Let's understand the code step by step:

  • It inherits the base Dataset class from DSPy. This inherits all the useful data loading/processing functionality.
  • We load the data in CSV into a DataFrame.
  • We get the train split i.e first 700 rows in the DataFrame and convert it to lists of dicts using to_dict(orient='records') method and is then assigned to self._train.
  • We get the dev split i.e first 300 rows in the DataFrame and convert it to lists of dicts using to_dict(orient='records') method and is then assigned to self._dev.
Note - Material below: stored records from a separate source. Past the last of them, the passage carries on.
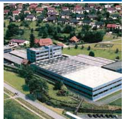
Hlavní sídlo firmy v Nordrachu, Německo

Nový koncept strojů firmy JUNKER s sebou nese jasné přednosti v oblasti servisu a využitelnosti. Ale také produktivita stoupá, neboť inovované konstrukce dovolují v případě omezeného prostoru kratší časy broušení a umožňují optimalizované strategie pro opracování.
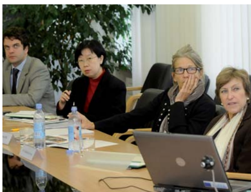
Le Groupe d'experts de l'AIU à la MRU

Les visites du groupe d'experts de l'AIU dans les deux établissements et les rapports finaux contenant les recommandations émises ont été achevés fin 2011. Le projet ISAS avec la MU a été rendu possible grâce au financement partiel du Programme de participation de l'UNESCO.
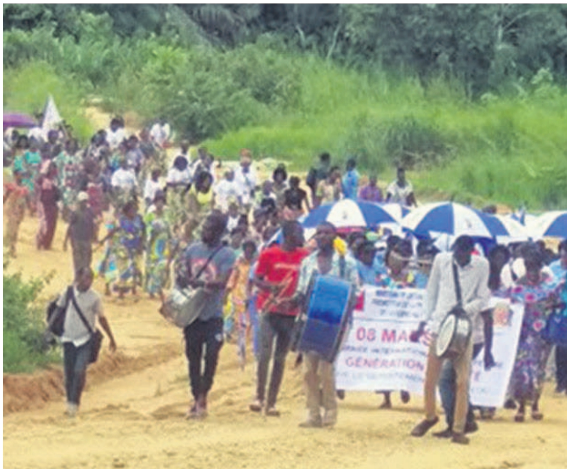
Les femmes lors de la marche.
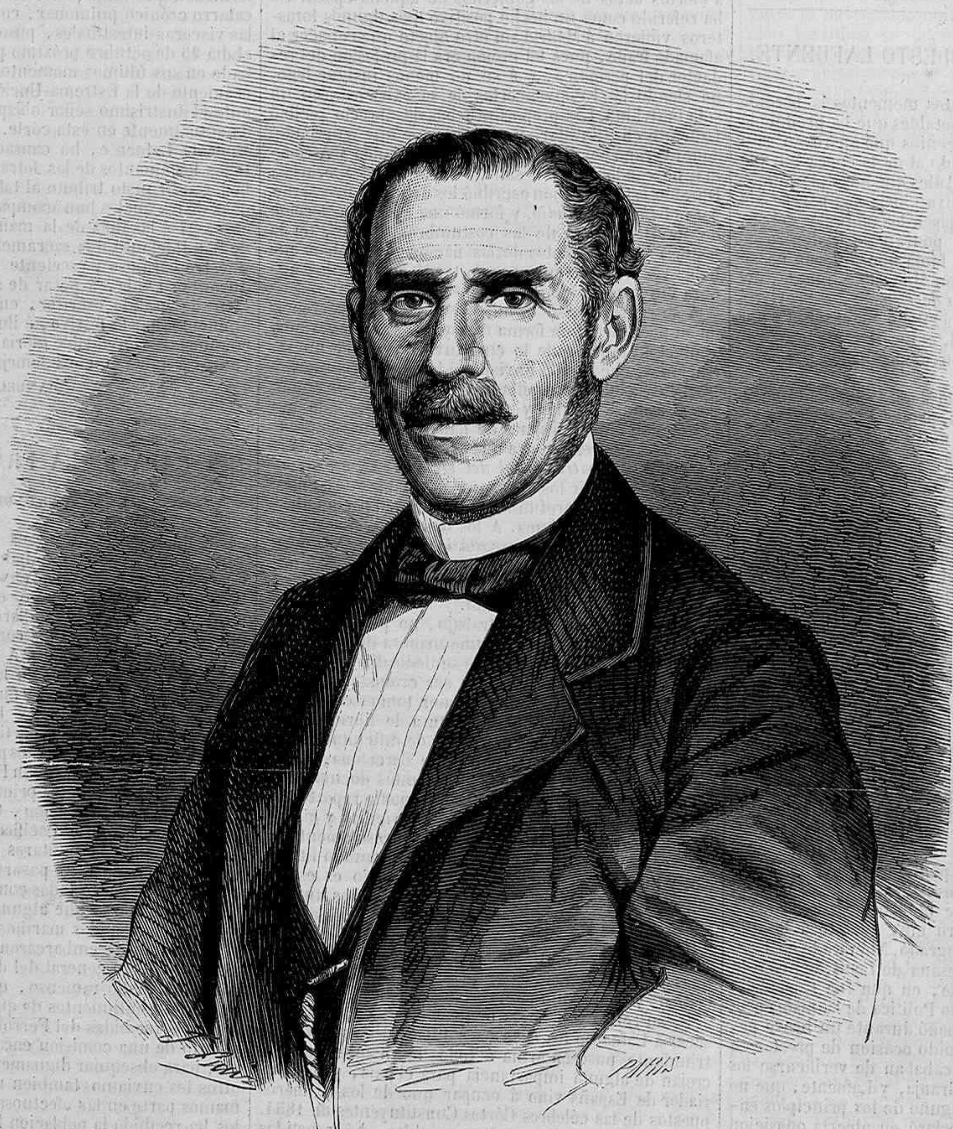
EL EXCMO. SEÑOR DON MODESTO LAFUENTE.

Filósofo, porque en sus escursiones por la miseria siente el frío de la tumba y mira alguna vez á las estre-

Using the Dataset base class now makes loading custom datasets incredibly easy and avoids having to write all that boilerplate code ourselves for every new dataset.

Caution

We did not populate _test attribute in the above code, which is fine and won't cause any unnecessary error as such. However it'll give you an error if you try to access the test split.

dataset.test[:5]

---------------------------------------------------------------------------
AttributeError                            Traceback (most recent call last)
<ipython-input-59-5202f6de3c7b> in <cell line: 1>()
----> 1 dataset.test[:5]

/usr/local/lib/python3.10/dist-packages/dspy/datasets/dataset.py in test(self)
    51     def test(self):
    52         if not hasattr(self, '_test_'):
---> 53             self._test_ = self._shuffle_and_sample('test', self._test, self.test_size, self.test_seed)
    54 
    55         return self._test_

AttributeError: 'CSVDataset' object has no attribute '_test'

To prevent that you'll just need to make sure _test is not None and populated with the appropriate data.

You can override the methods in Dataset class to customize your class even more.

In summary, the Dataset base class provides a simplistic way to load and preprocess custom datasets with minimal code!